Restate, word for word and with no pictures, the stretch of lines in the data below that begins at the line with "Kleipijp (Lade57FM102) Figuraal" and ends at the line with "Hou Min (2nd", inclusive.

═════ DATA EXCERPTS

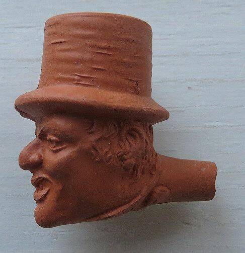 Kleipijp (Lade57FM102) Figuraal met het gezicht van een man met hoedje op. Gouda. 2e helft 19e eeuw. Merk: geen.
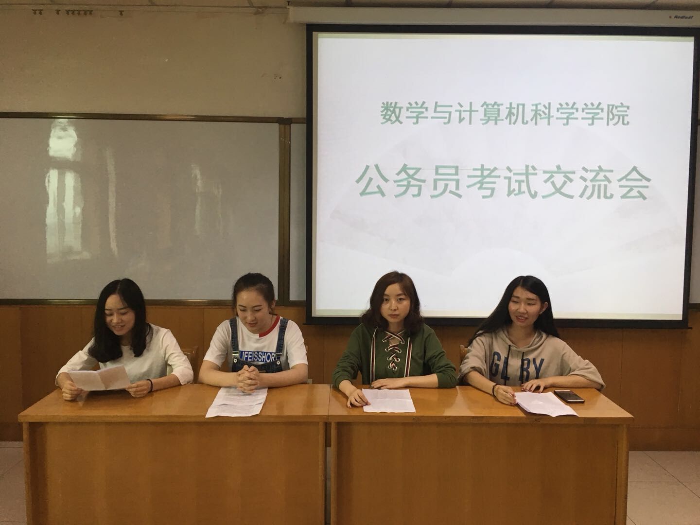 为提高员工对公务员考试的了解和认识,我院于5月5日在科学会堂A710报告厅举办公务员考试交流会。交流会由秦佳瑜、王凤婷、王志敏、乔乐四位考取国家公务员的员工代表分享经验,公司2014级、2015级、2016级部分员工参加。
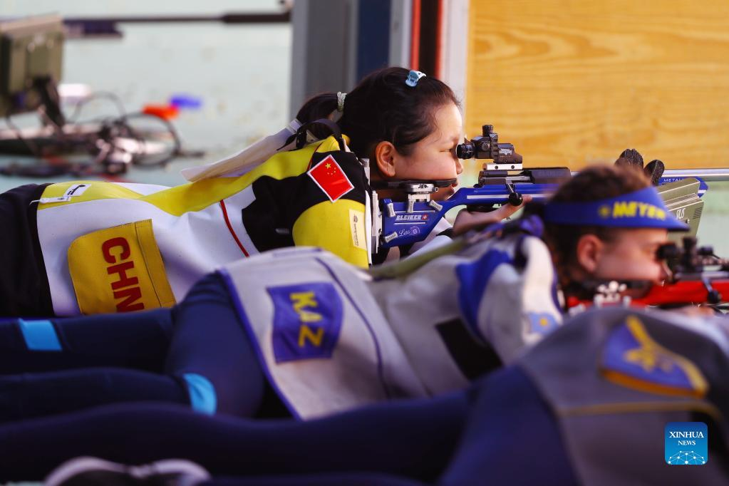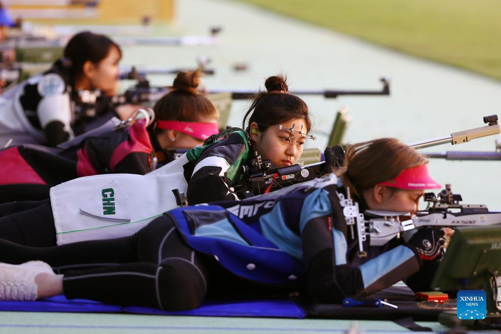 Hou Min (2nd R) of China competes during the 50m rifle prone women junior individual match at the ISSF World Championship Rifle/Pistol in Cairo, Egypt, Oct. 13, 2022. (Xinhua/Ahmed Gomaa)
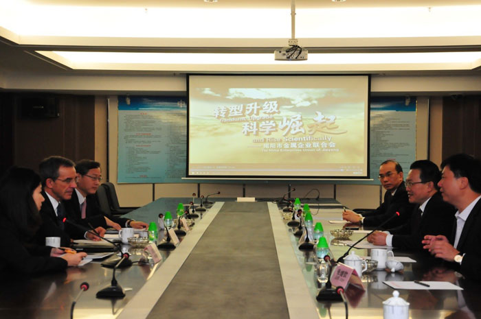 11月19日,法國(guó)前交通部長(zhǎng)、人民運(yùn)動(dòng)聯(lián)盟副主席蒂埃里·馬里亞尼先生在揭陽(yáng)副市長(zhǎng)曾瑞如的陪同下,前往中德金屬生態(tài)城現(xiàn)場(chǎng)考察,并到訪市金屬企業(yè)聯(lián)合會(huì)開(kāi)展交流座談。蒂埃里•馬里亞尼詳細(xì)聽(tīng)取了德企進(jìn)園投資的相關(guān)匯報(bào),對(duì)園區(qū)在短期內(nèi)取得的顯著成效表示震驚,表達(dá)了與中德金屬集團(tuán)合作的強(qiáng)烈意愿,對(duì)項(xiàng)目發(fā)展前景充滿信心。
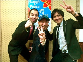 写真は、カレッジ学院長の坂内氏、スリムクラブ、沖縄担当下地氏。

══════════
═════ DATA EXCERPTS

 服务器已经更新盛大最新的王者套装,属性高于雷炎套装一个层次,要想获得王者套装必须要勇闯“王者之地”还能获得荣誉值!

══════════

SOLUTION TO THE EXERCISE →
 Kleipijp (Lade57FM102) Figuraal met het gezicht van een man met hoedje op. Gouda. 2e helft 19e eeuw. Merk: geen.
 为提高员工对公务员考试的了解和认识,我院于5月5日在科学会堂A710报告厅举办公务员考试交流会。交流会由秦佳瑜、王凤婷、王志敏、乔乐四位考取国家公务员的员工代表分享经验,公司2014级、2015级、2016级部分员工参加。
 Hou Min (2nd R) of China competes during the 50m rifle prone women junior individual match at the ISSF World Championship Rifle/Pistol in Cairo, Egypt, Oct. 13, 2022. (Xinhua/Ahmed Gomaa)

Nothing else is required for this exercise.